Parmi les nombreux représentants de musées et centres d’art présents au vernissage le 22 mars, l’un d’eux venu d’Outre-Rhin s’est longuement intéressé à l’installation immersive de la Hongroise Eva Magyarosi chez Analix Forever, de retour (au sous-sol) après plusieurs années d’absence. Ses dessins sur textile s’accompagnent d’une vidéo elle aussi sur le thème de l’enfance, qui fait partie d’une série présentée à la Biennale de Kochi, en Inde. L’artiste, avec une grande poésie, cherche à y dévoiler « les rêves des enfants sous leurs paupières », explique la galeriste Barbara Polla. Et d’ajouter : « Les visiteurs de Drawing Now viennent par amour du dessin et pas pour des mondanités, pour la dimension intime et humble de ce médium, qu’on retrouve dans cette vidéo d’animation ».
Un peu moins abouties peut-être, mais macabres à souhait, celles de Biljana Djurdjevic chez Hestia (Belgrade, première participation) dénoncent une société autoritaire à la George Orwell (1 500 euros la vidéo). Plus loin, au même niveau, des NFT sont présentées pour la première fois au salon, chez Miyu, combinées à des œuvres d’animation de plusieurs artistes, dont Rachel Gutgarts, qui associe la flamme oscillante des bougies au mouvement rituel des prières juives, à la foi (1 500 euros).
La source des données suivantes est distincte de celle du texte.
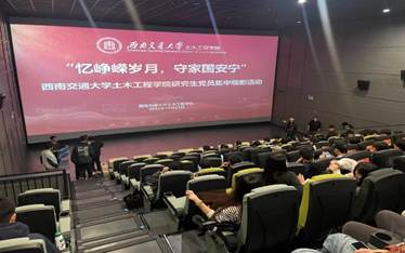 为深入学习贯彻习近平新时代中国特色社会主义思想,弘扬爱国主义精神,缅怀革命先烈的英雄事迹,进一步激励青年学子传承红色基因、勇担时代使命,2025年10月23日晚7点至9点,西南交通大学土木工程学院组织研究生党员前往犀浦C+影城4厅集体观看爱国主义影片《志愿军:浴血和平》。本次活动共有百余名师生参加。

Toutefois, la vidéo la plus impressionnante du salon est probablement celle de Nemanja Nikolic qui occupe tout le stand de la galerie Dix9 - Hélène Lacharmoise. Celle-ci présente The Plot, une vidéo inspirée de scènes de poursuite ou de panique issues des films noirs des années de la Guerre froide, dont ceux d’Alfred Hitchcock, transformées en scènes de cauchemar surgissant des pages d’un livre de l’époque du dictateur Tito… Il a fallu 5 000 dessins pour réaliser 9 minutes de film ! La vidéo, édition de 6, est proposée à 18 000 euros. Les dessins formant l’une des séquences ont déjà trouvé preneur. Les œuvres de l’artiste sont actuellement montrées dans l’exposition « Top secret, cinéma et espionnage » à la Cinémathèque française à Paris, avant de voyager à la CaixaForum à Barcelone et à Madrid.
Au rez-de-chaussée, la galerie Bendana-Pinel présente une vidéo étonnante peuplée de personnages (en réalité des performances !) d’Inci Eviner de 2010 qui se veut « une réflexion sur la citoyenneté européenne », à regarder de près… L’artiste, qui a représenté la Turquie à la Biennale de Venise en 2019, figure dans les collections du Centre Pompidou. Comptez 53 000 euros pour cette pièce majeure. Juste à côté, la galerie a accroché des dessins du duo Dias & Riedweg, « artistes vidéos revenus à la pratique du dessin pendant la pandémie de Covid », explique Juan-Carlos Bendana-Pinel.
Hors les vidéos, point de salut ? Pas tout à fait, puisque cette édition recèle bien des pépites plus classiques, tel le focus sur Daniel Dezeuze de la galerie Templon, qui participe au salon pour la première fois avec un bel ensemble comprenant une série poétique de 2016 inspirée par le jardin de Monet à Giverny et jamais montrée (2 000 à 8 000 euros). « C’est un grand théoricien du dessin qui a formé de nombreux étudiants quand il était professeur », souligne la directrice générale de l’enseigne, Anne-Claudie Coric. Des dessins de Chiharu Shiota, Daniel Dezeuze ou encore Abdelkader Benchamma ont été vendus. Enfin, Suzanne Husky (représentée par Alain Gutharc) a reçu le Prix Drawing Now 2023 pour son ensemble consacré aux questions environnementales et à la préservation de la nature. Dont une piquante série critique sur les dirigeants de la planète plantant symboliquement un arbre… Une artiste à retrouver ce printemps et cet été au Domaine de Chamarande, dans l’Essonne.